### Exercise goal
Provide again, from the entries below, every line from the one containing "Rani (13 km)" through the one containing "The Élise Asymmetrical", exactly as written, and no other line.

### Exercise input
--- START ---
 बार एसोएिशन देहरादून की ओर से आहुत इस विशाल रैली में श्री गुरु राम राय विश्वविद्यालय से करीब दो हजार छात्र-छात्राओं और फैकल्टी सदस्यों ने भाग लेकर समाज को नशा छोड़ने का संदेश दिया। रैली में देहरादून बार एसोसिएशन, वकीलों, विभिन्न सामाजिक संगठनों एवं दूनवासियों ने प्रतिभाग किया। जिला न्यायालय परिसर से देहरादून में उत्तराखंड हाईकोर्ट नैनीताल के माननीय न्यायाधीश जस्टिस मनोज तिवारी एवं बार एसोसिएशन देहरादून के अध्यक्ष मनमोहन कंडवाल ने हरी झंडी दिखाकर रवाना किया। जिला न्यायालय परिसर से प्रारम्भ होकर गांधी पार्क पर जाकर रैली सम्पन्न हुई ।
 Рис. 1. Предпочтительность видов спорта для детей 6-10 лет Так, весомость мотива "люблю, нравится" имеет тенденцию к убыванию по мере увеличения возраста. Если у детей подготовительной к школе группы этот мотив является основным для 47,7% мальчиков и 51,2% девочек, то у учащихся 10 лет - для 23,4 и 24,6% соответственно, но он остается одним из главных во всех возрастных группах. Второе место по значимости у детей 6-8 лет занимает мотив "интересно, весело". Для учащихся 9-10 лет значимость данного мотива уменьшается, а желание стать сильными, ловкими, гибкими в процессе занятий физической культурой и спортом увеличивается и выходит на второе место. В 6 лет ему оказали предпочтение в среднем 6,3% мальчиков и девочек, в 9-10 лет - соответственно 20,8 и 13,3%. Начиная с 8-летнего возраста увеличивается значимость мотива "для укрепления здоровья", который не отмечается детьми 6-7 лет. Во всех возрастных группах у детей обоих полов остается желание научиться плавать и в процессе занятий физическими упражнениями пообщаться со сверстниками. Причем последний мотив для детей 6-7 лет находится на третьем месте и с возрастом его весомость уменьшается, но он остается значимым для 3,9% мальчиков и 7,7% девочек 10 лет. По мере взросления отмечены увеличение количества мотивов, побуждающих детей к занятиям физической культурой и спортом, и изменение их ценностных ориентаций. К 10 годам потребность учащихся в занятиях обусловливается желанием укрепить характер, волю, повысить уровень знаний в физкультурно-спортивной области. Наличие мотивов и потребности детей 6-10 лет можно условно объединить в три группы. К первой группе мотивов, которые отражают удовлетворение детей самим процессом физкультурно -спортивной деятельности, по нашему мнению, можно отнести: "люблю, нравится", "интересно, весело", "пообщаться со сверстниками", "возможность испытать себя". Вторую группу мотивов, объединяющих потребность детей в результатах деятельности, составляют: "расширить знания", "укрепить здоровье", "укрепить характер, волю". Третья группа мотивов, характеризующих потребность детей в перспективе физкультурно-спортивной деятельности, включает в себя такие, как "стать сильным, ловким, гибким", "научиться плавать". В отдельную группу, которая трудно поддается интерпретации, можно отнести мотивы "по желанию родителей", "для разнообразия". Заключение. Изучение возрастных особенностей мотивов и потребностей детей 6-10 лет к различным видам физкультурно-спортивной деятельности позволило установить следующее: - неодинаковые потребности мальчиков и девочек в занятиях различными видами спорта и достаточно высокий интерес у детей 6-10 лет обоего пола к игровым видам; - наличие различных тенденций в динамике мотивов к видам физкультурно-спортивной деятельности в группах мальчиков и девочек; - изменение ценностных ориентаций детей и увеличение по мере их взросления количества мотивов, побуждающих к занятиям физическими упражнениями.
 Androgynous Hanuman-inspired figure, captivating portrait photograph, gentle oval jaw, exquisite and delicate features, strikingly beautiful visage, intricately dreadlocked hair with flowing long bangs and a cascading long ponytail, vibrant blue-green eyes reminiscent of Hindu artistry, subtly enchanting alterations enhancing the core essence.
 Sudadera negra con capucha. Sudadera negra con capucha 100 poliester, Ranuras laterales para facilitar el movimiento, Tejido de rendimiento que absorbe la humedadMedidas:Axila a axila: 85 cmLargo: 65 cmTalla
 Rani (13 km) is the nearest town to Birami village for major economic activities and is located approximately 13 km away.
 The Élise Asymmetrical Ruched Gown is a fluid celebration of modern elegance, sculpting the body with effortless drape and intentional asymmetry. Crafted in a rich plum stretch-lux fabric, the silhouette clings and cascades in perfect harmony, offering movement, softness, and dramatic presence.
--- END ---
--- START ---
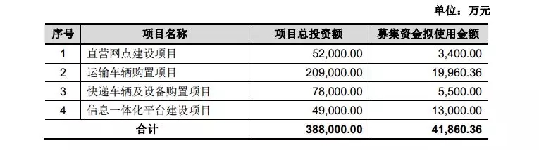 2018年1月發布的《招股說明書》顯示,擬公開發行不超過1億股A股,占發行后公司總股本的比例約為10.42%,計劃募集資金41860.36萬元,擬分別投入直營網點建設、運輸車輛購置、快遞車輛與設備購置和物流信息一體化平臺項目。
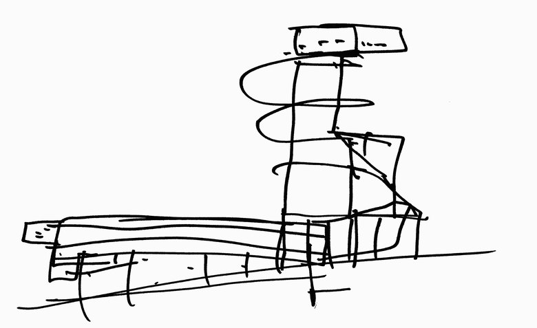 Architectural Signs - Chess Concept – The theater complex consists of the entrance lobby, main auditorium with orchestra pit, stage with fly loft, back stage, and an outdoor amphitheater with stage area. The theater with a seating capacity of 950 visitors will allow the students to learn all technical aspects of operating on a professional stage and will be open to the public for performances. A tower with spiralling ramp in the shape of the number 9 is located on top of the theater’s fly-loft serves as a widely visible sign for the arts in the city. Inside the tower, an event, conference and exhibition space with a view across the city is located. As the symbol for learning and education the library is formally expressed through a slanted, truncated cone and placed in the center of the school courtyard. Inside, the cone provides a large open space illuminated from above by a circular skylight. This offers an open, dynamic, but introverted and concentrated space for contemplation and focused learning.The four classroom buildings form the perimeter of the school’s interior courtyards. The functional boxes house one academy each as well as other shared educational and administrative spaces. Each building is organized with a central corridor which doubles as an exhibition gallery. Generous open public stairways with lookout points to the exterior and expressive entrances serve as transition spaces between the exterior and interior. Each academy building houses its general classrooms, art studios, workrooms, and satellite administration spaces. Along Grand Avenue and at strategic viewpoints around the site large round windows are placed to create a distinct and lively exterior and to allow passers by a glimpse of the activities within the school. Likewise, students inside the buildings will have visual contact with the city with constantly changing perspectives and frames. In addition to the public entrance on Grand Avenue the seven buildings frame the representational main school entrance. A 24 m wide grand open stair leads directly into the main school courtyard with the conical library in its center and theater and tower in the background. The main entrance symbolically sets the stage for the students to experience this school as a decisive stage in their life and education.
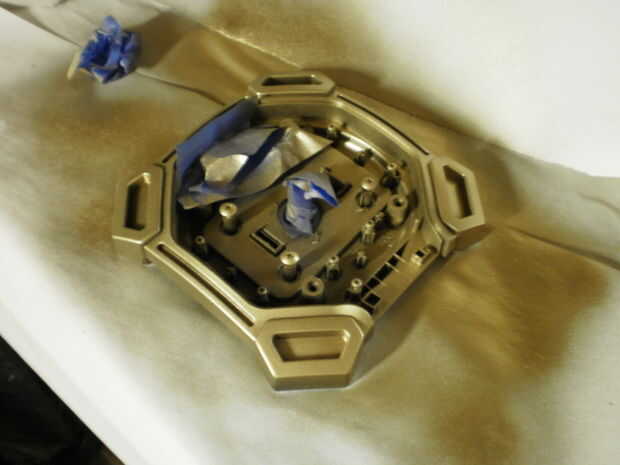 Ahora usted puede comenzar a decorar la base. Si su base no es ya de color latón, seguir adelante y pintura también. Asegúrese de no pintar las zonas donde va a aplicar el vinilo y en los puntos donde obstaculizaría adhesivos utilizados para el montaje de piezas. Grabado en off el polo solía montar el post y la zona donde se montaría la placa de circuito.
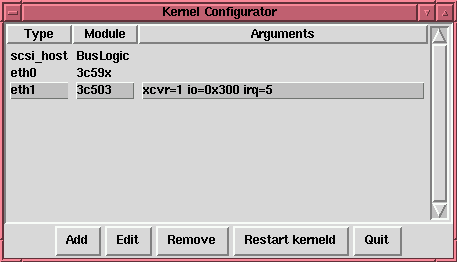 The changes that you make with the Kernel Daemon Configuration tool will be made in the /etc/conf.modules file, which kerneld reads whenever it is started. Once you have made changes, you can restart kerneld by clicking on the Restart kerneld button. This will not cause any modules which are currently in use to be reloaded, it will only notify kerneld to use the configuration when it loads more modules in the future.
--- END ---
--- START ---
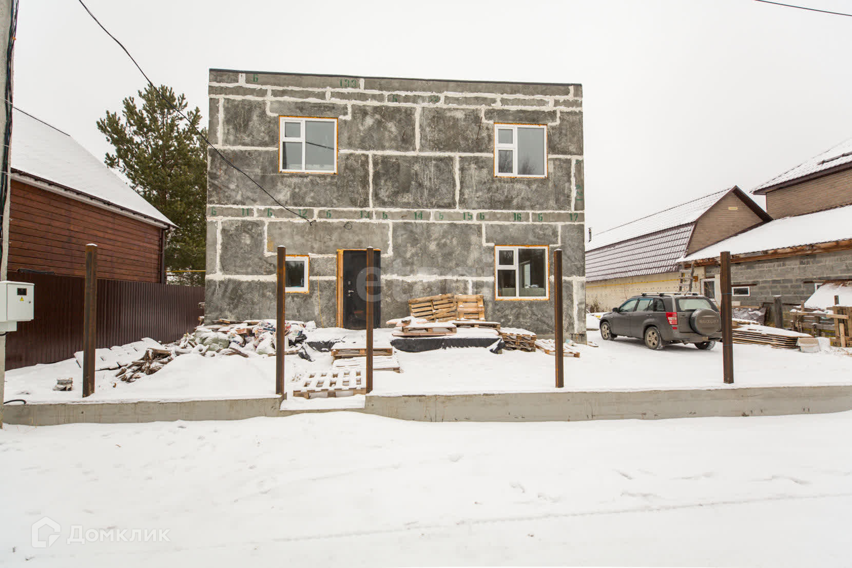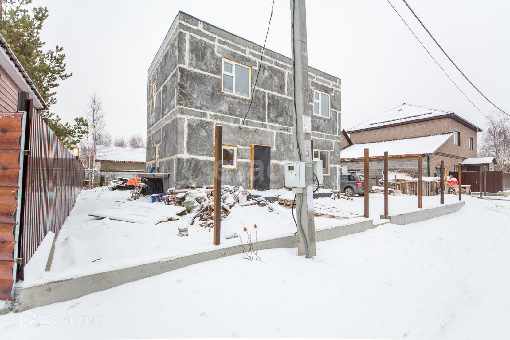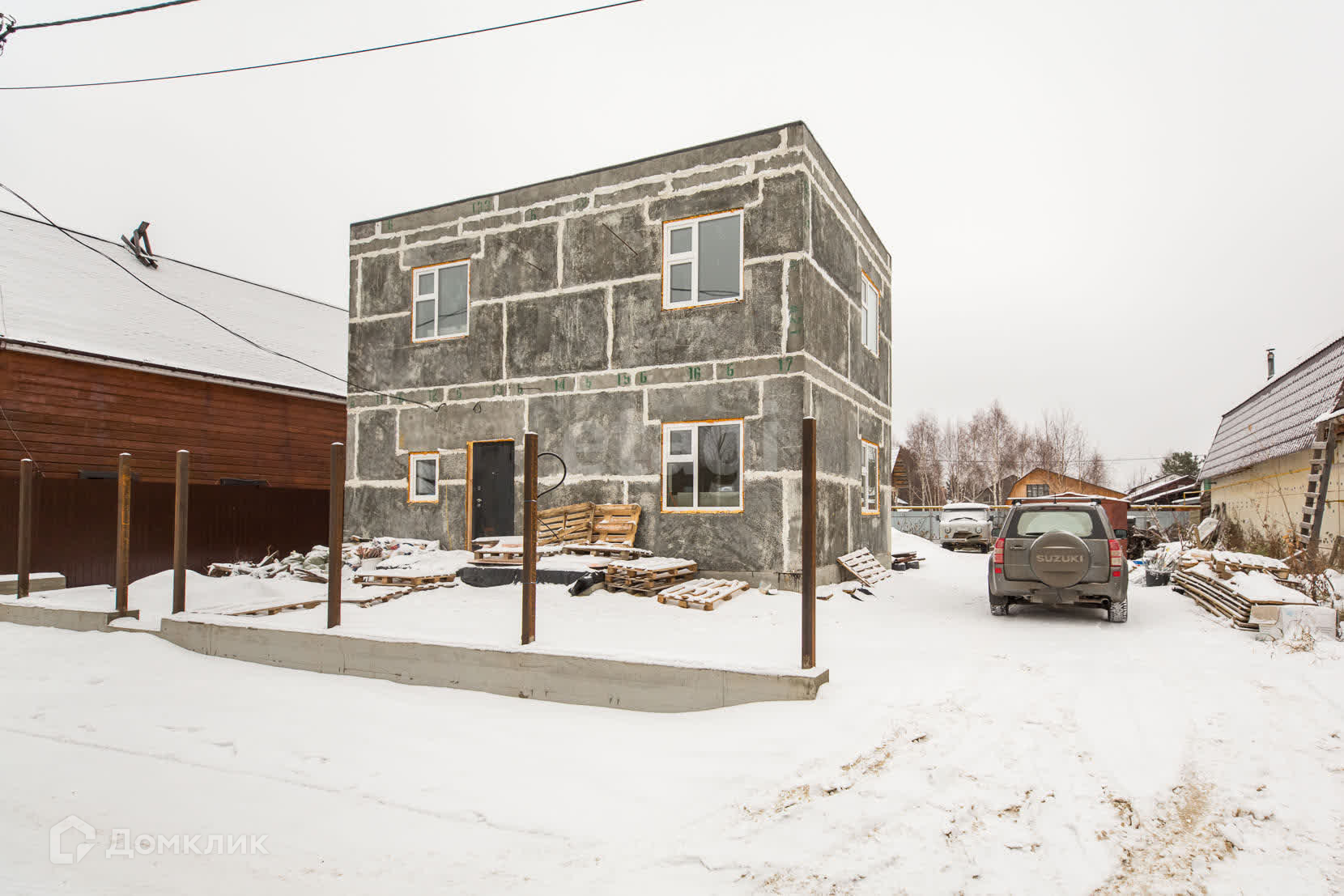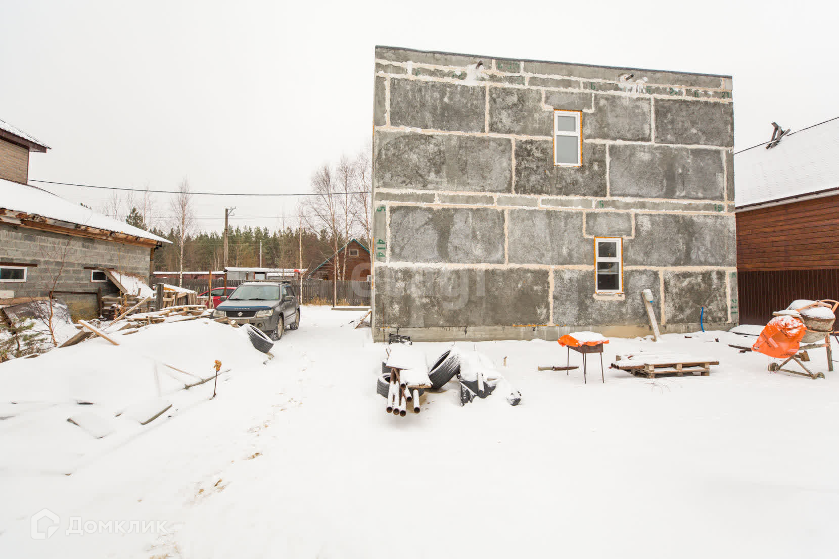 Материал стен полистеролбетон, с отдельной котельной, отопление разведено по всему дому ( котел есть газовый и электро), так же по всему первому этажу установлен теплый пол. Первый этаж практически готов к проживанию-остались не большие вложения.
--- END ---
### Written solution
 Rani (13 km) is the nearest town to Birami village for major economic activities and is located approximately 13 km away.
 The Élise Asymmetrical Ruched Gown is a fluid celebration of modern elegance, sculpting the body with effortless drape and intentional asymmetry. Crafted in a rich plum stretch-lux fabric, the silhouette clings and cascades in perfect harmony, offering movement, softness, and dramatic presence.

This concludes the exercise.